§ **What is needed**
Your task is to restate every entry below word for word and omit the images.

[Collected data entries]
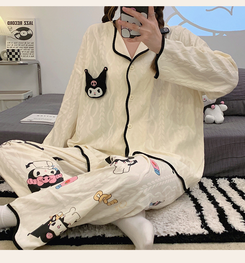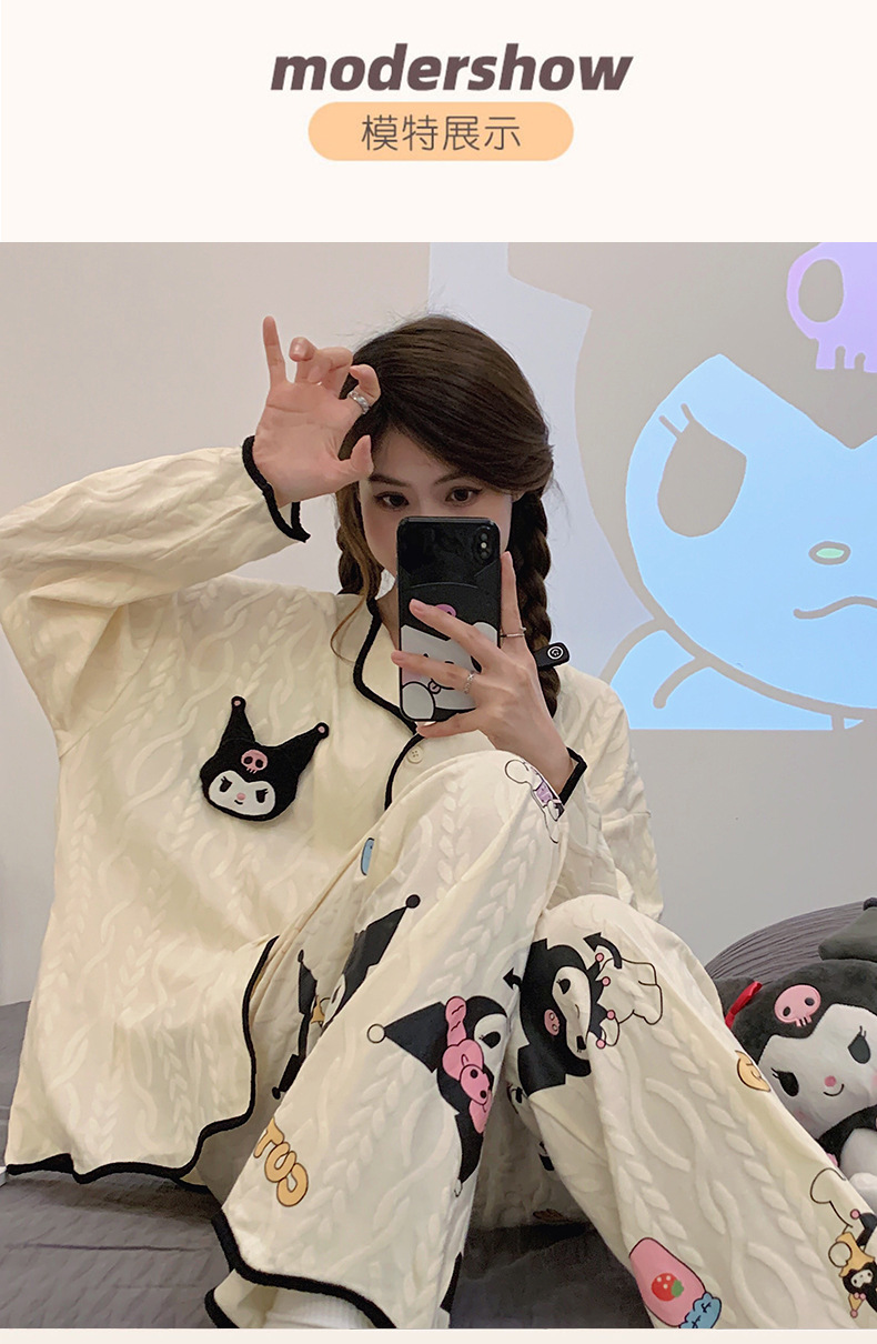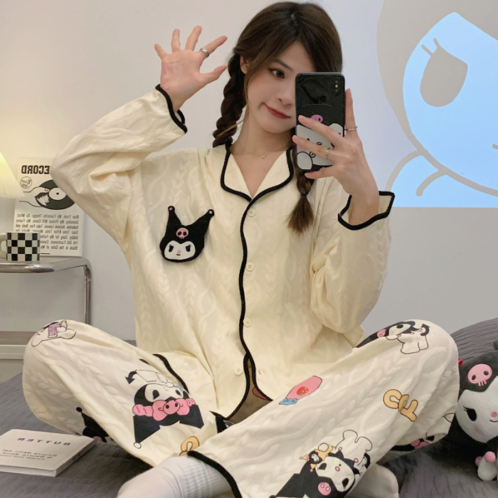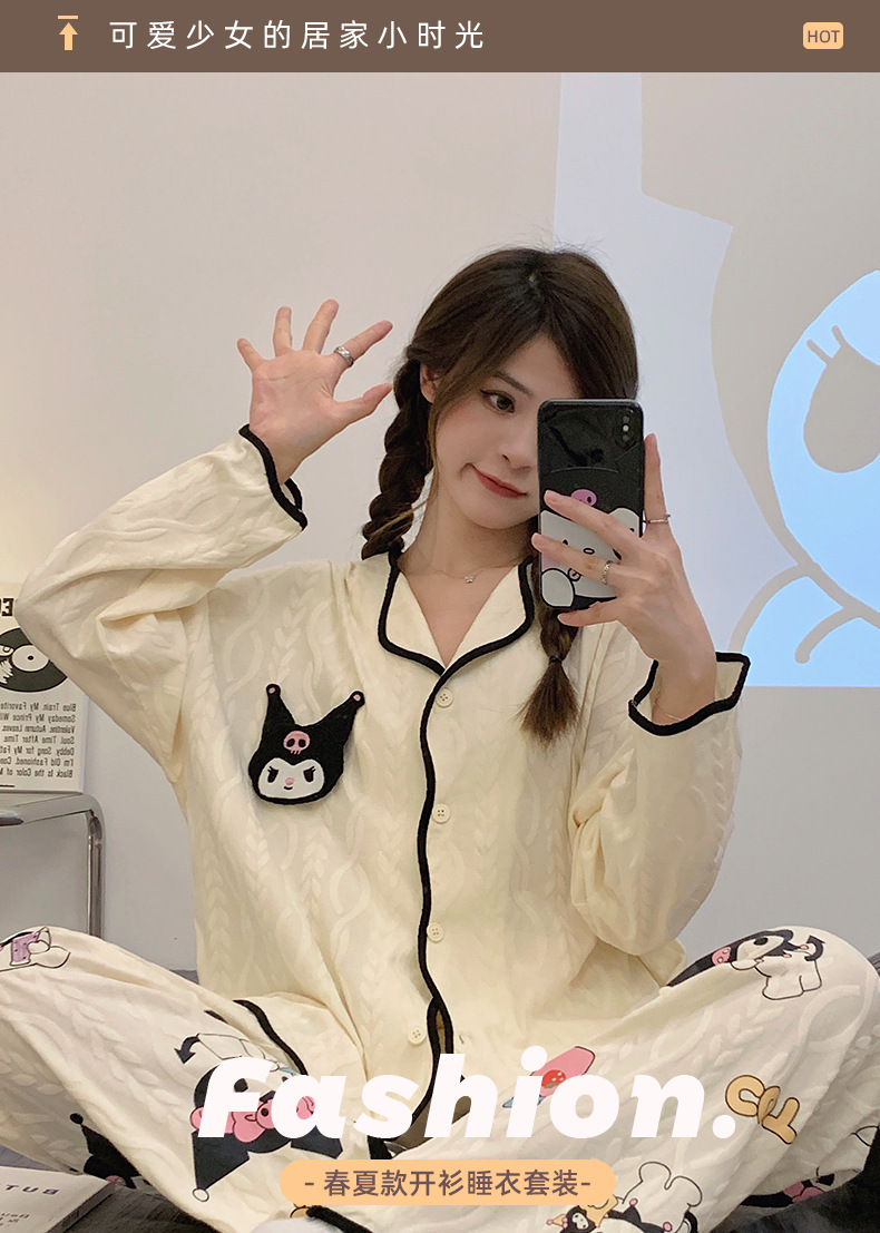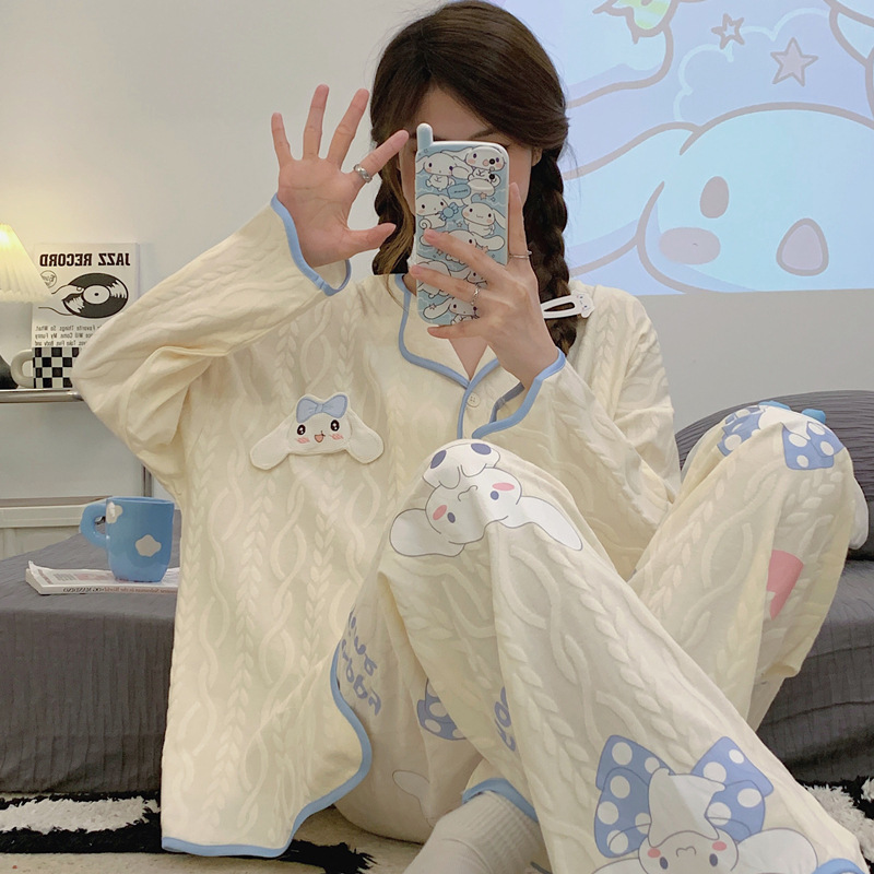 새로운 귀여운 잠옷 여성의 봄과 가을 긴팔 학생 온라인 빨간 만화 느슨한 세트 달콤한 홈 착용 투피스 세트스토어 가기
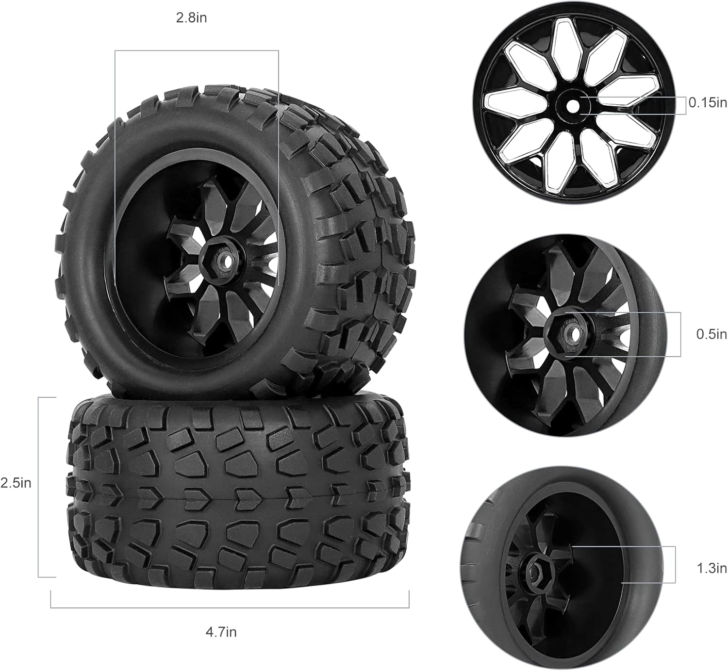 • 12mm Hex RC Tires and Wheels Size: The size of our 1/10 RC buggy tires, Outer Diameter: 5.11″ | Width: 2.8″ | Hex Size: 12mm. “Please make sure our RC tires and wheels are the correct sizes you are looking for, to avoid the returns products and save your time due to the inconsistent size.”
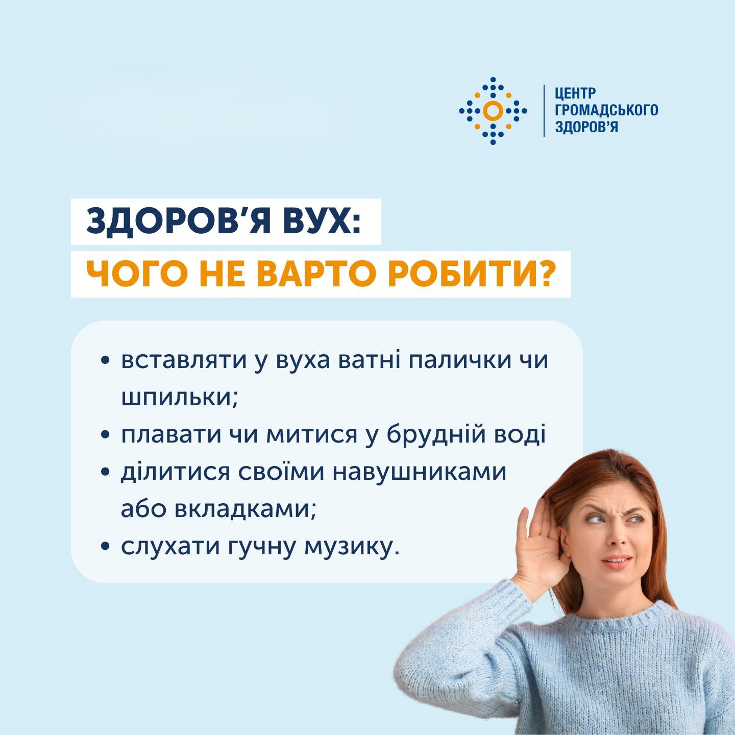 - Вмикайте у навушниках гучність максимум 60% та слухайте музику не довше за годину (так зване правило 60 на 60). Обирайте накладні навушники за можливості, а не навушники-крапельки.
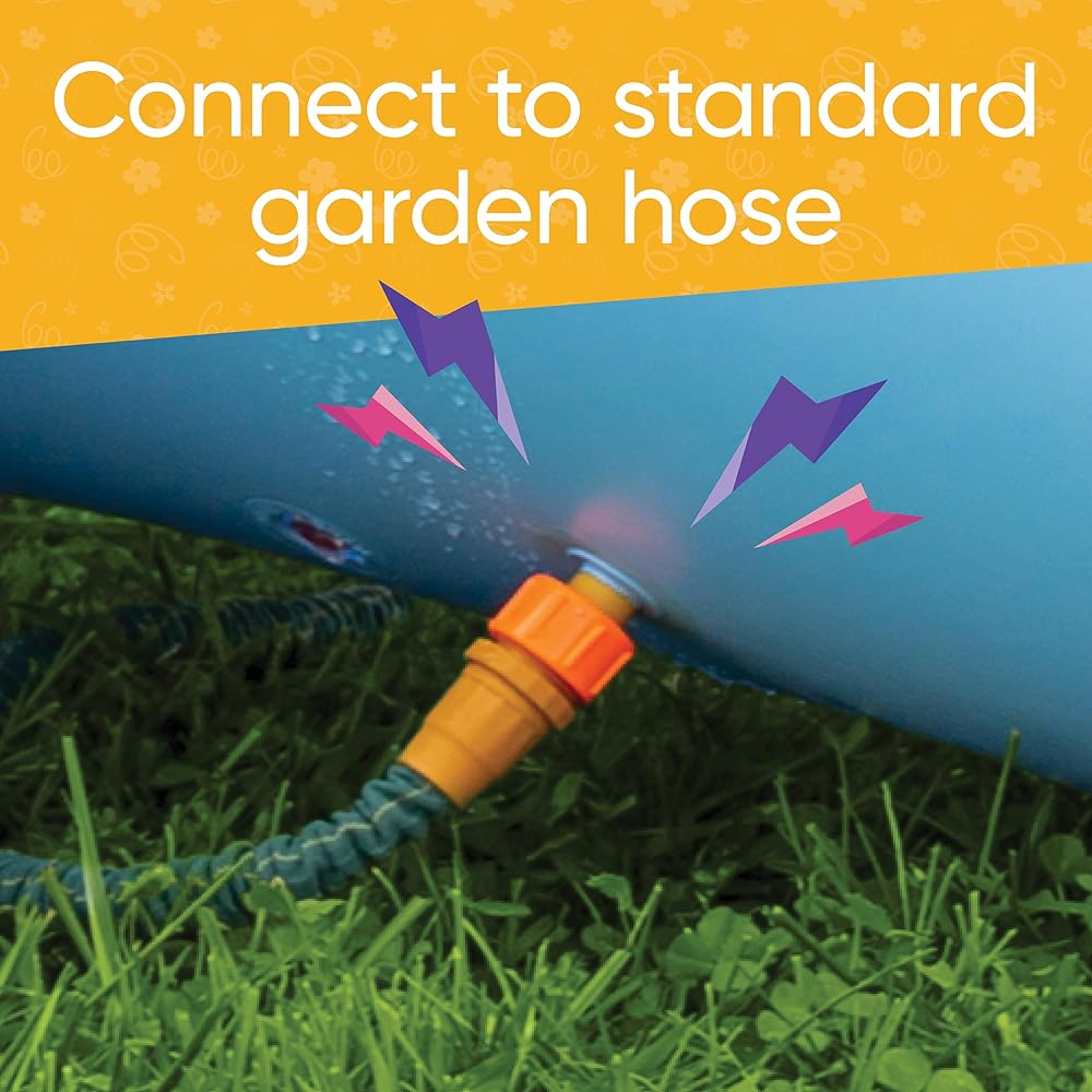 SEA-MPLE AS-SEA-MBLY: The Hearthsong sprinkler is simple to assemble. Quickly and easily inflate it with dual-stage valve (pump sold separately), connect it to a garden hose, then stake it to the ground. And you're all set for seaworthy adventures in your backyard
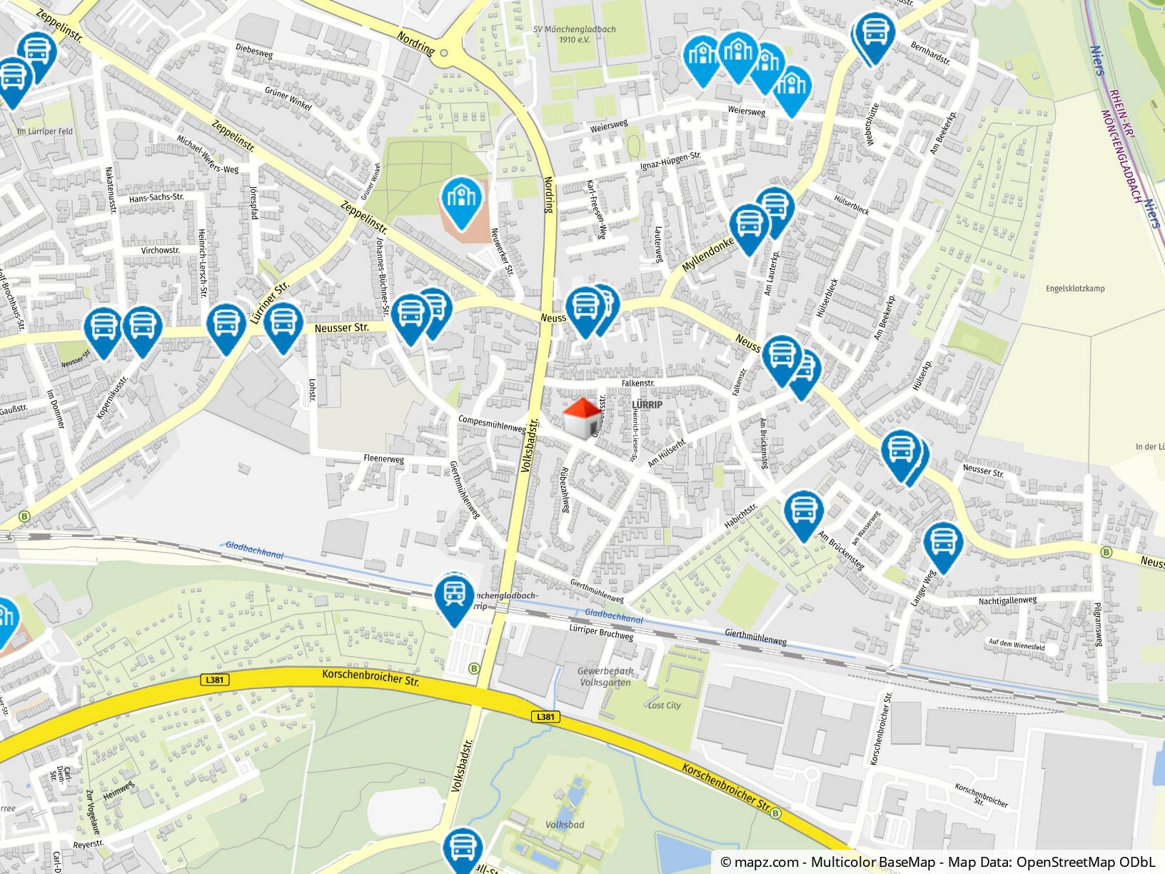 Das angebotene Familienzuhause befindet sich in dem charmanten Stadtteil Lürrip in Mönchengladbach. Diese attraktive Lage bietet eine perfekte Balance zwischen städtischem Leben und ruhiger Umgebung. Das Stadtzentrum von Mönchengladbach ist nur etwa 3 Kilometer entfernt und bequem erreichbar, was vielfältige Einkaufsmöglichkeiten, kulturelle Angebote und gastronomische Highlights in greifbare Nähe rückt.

§ **Task solution**
 새로운 귀여운 잠옷 여성의 봄과 가을 긴팔 학생 온라인 빨간 만화 느슨한 세트 달콤한 홈 착용 투피스 세트스토어 가기
 • 12mm Hex RC Tires and Wheels Size: The size of our 1/10 RC buggy tires, Outer Diameter: 5.11″ | Width: 2.8″ | Hex Size: 12mm. “Please make sure our RC tires and wheels are the correct sizes you are looking for, to avoid the returns products and save your time due to the inconsistent size.”
 - Вмикайте у навушниках гучність максимум 60% та слухайте музику не довше за годину (так зване правило 60 на 60). Обирайте накладні навушники за можливості, а не навушники-крапельки.
 SEA-MPLE AS-SEA-MBLY: The Hearthsong sprinkler is simple to assemble. Quickly and easily inflate it with dual-stage valve (pump sold separately), connect it to a garden hose, then stake it to the ground. And you're all set for seaworthy adventures in your backyard
 Das angebotene Familienzuhause befindet sich in dem charmanten Stadtteil Lürrip in Mönchengladbach. Diese attraktive Lage bietet eine perfekte Balance zwischen städtischem Leben und ruhiger Umgebung. Das Stadtzentrum von Mönchengladbach ist nur etwa 3 Kilometer entfernt und bequem erreichbar, was vielfältige Einkaufsmöglichkeiten, kulturelle Angebote und gastronomische Highlights in greifbare Nähe rückt.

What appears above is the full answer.